Source records
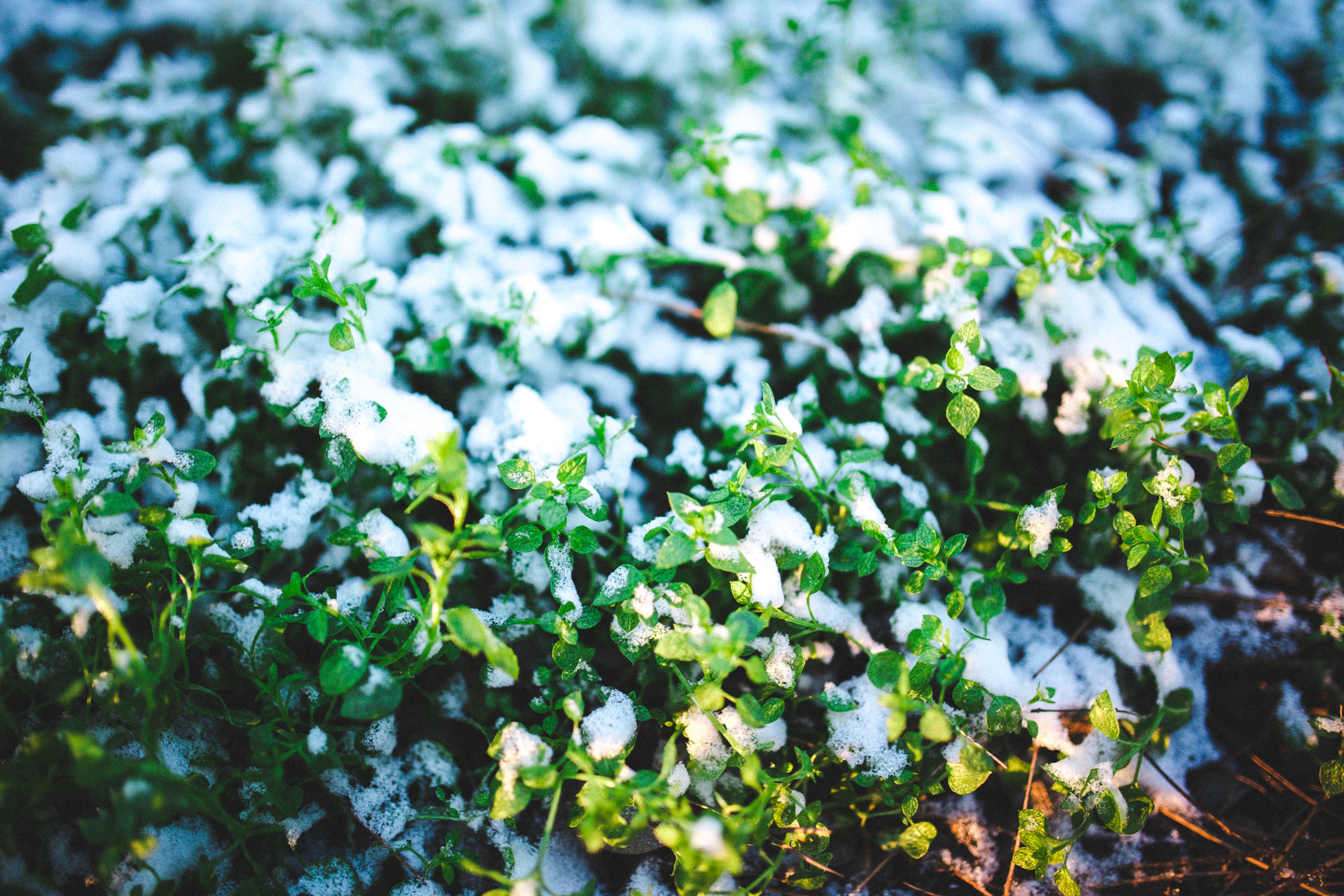 Free image/jpeg, Resolution: 5472x3648, File size: 5.44Mb, first snow on green plants picture with tags: green, plants, snow, fresh, white
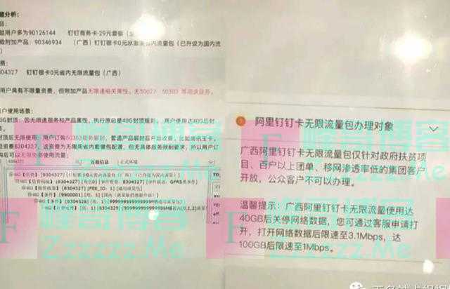 结果也是果不其然,由于这位用户的高调“炫富”,中国联通内部启动了调研流程。从内部人士流出的相关屏幕拍照来看,这位用户使用的套餐为“广西阿里钉钉无限流量”套餐。该资费的办理条件是仅针对政府扶贫项目、百户以上团单、移网渗透率低的集团客户,并不面向公众用户。
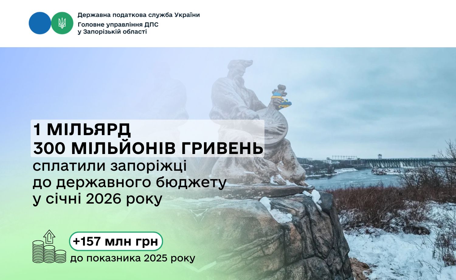 У січні запоріжці сплатили до державного бюджету 1 мільярд 300 мільйонів гривень
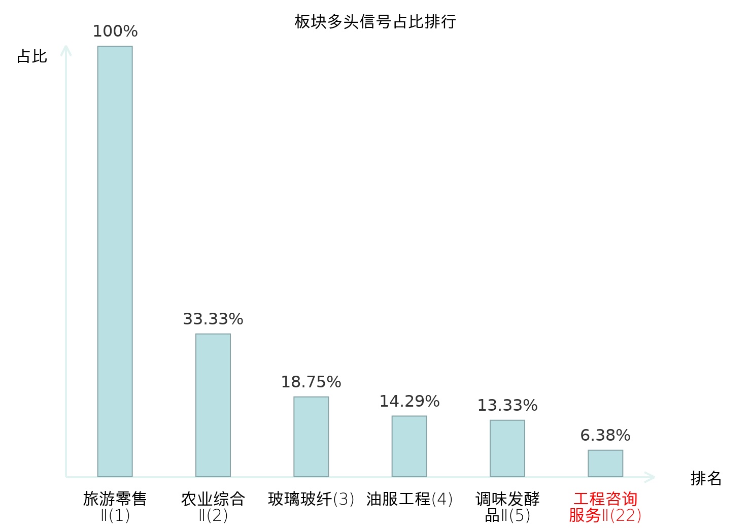 全市场所有行业板块中主力多头信号占比排名中,旅游零售Ⅱ板块位居第一。旅游零售Ⅱ板块名次提升最快,较昨日上升130位。
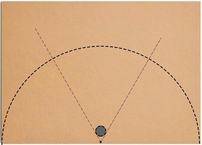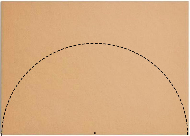 Ahora vamos a marcar sobre el cartón el espacio que ocuparán nuestros niveles de ruido. Para ello, localiza el punto medio del borde inferior del cartón y úsalo como punto central para trazar una circunferencia.

> **Brief**: Return every record exactly, without the pictures.

> **Response to this task**:
 Free image/jpeg, Resolution: 5472x3648, File size: 5.44Mb, first snow on green plants picture with tags: green, plants, snow, fresh, white
 结果也是果不其然,由于这位用户的高调“炫富”,中国联通内部启动了调研流程。从内部人士流出的相关屏幕拍照来看,这位用户使用的套餐为“广西阿里钉钉无限流量”套餐。该资费的办理条件是仅针对政府扶贫项目、百户以上团单、移网渗透率低的集团客户,并不面向公众用户。
 У січні запоріжці сплатили до державного бюджету 1 мільярд 300 мільйонів гривень
 全市场所有行业板块中主力多头信号占比排名中,旅游零售Ⅱ板块位居第一。旅游零售Ⅱ板块名次提升最快,较昨日上升130位。
 Ahora vamos a marcar sobre el cartón el espacio que ocuparán nuestros niveles de ruido. Para ello, localiza el punto medio del borde inferior del cartón y úsalo como punto central para trazar una circunferencia.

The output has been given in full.